Even as urban schools struggle to find some way to educate their kids, they encounter new challenges. The most basic of those challenges is simple: a high school degree isn't enough.
Boston's public schools graduated about 3,000 students last year. Of those, something like one-third go directly to college full time. That number alone is one striking measure of the system's failures; nationally, the figure is closer to two-thirds.
The first impulse is to ascribe Boston's laggard performance to the education it delivers. But while the city's schools deserve some of the blame, they don't deserve it all. In recent years the school department has made a real effort to focus on educational quality.And the MCAS testing system, still hotly debated, will unquestionably eliminate the kind of social promotion that allowed high schools to award meaningless diplomas.
So why don't otherwise eligible students go to college? In some families, post-secondary education is deemed unnecessary. In others, particularly families who have recently immigrated here or have never sent kids on to college, application and financial aid forms are overwhelmingly complex. In most cases, finances play a role. Hard-strapped families would often rather see their grownup children earning money instead of writing term papers.
Just ask Roslindale's Wanda Suriel. Her parents came to Boston from the Dominican Republic. The notion of attending college was almost foreign. The application process was daunting and the money required for a four-year degree was well out of her family's reach.
The solution? ACCESS, a remarkable but mostly unknown Boston-based nonprofit created in 1984 by the business-funded Boston Plan for Excellence.
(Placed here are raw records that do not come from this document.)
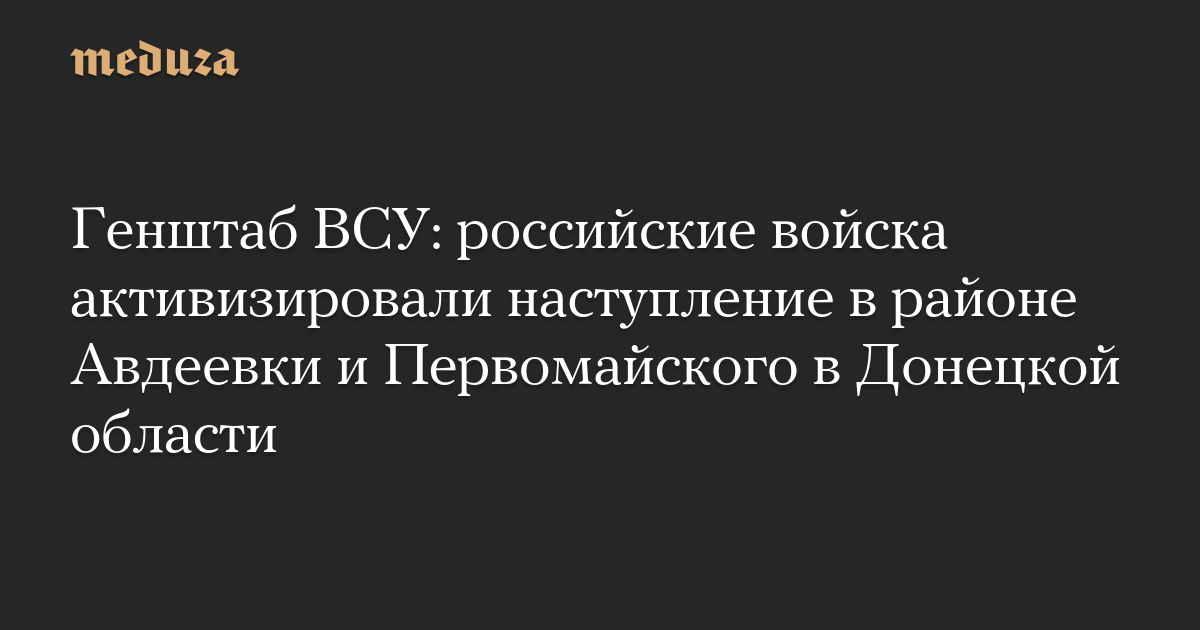 Генштаб ВСУ: российские войска активизировали наступление в районе Авдеевки и Первомайского в Донецкой области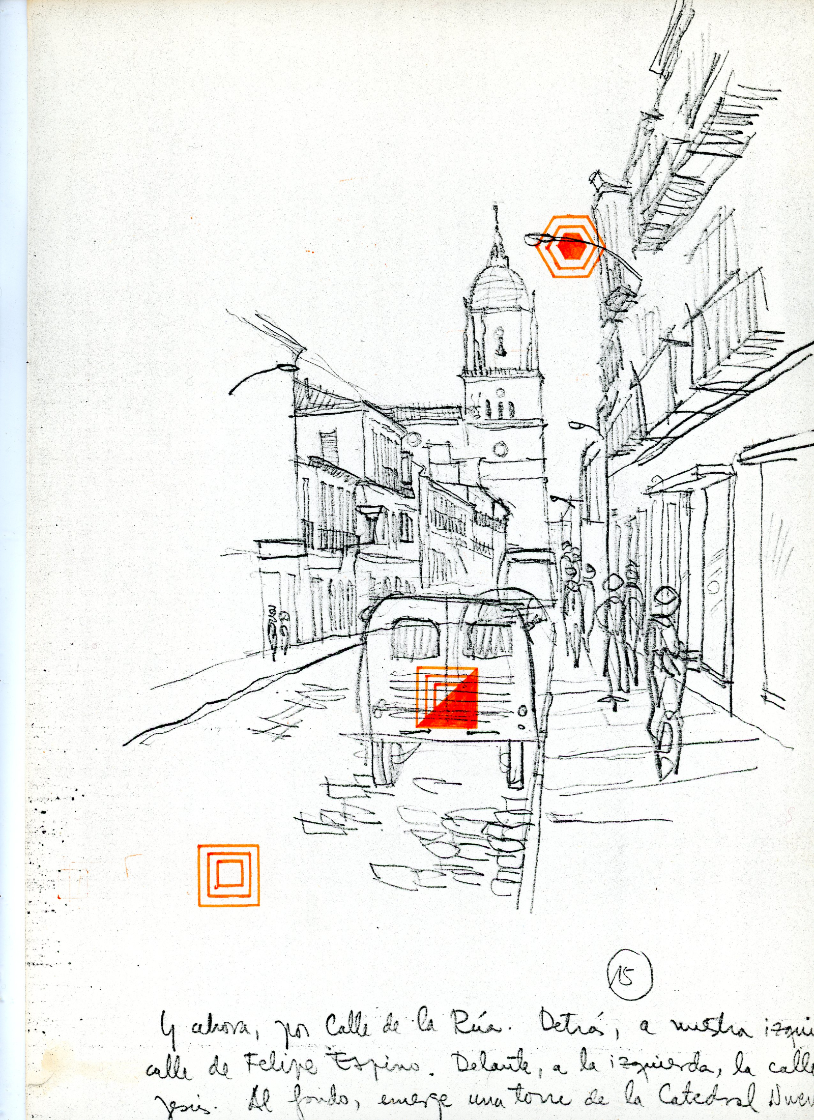 Imagen : Apunte original de Fernando Pulin .cuando realizo el estudio para el Plan Especial del Barrio Antiguo de Salamanca por encargo de la Dirección General de Bellas Artes. Colección particular de Santiago Bayón Vera)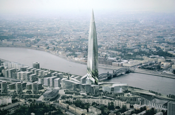 Перенос на окраину города, на намытую территорию у Финского залива, кардинально изменил контекст здания. Высота здания компенсирует удаленность, а форма делает его узнаваемым на больших расстояниях.

The idea of ACCESS is to take away the excuses and ``make sure that no graduate of a Boston public school is denied a chance to go to college,'' says its executive director, Ellen Rooney.
ACCESS does this by reaching out to seniors in the city's public schools, helping them wend their ways through the complicated college admission and financial aid system.
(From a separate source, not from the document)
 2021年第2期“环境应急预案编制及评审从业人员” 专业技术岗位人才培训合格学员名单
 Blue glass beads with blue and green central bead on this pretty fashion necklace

It also provides a unique kind of scholarship assistance. Called ``last dollar'' scholarships, ACCESS will make up the difference between what a graduating senior needs to attend college and what he or she has actually received from others in the way of aid.
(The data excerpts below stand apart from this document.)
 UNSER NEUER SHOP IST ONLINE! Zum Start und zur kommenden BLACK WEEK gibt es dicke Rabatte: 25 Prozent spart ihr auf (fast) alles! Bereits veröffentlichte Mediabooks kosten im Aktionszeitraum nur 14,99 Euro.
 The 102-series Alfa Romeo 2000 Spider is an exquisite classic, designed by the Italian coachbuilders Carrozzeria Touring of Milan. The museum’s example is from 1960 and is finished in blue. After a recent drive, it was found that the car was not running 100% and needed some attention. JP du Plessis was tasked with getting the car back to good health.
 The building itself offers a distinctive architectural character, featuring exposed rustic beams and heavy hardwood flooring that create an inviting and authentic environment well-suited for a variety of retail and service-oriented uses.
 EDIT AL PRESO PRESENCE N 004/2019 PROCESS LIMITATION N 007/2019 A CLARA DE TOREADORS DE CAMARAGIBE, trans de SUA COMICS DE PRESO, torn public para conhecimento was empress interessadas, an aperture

The program has had its successes. Counselors from ACCESS worked with more than one-third of all graduating seniors last year. Of those, 265 received ACCESS scholarships averaging close to $1,000. That's an impressive figure. It means the program helped one-quarter of the system's students who went to college full time.
It's particularly impressive when one considers the alternative. Without ACCESS' intervention, a lot of those students would never have even pursued the notion of attending college. Without the program's money, most of them could never have afforded college even if they had gotten in.
Yet for all of its merits, ACCESS suffers from many of the problems that seem to plague educational innovations. It's small, underfunded and disorganized.
ACCESS operates with essentially a three-person staff out of shared office space in the basement of a downtown building.
It depends on a couple of college interns and one part-time staffer to reach out to students in Boston's 23 high schools. Communication with parents is rare. Its records are a mess; the program, for example, doesn't even know how many of its scholarship recipients over the past 15 years have ever gotten their degrees.
At just $1.2 million, its budget is small. Most of that comes from interest earned on its $10 million endowment, an endowment that comes almost entirely from contributions by local businesses. As a result, money for scholarships is limited, so limited in fact that ACCESS had to deny 147 students scholarships last year solely because money was short.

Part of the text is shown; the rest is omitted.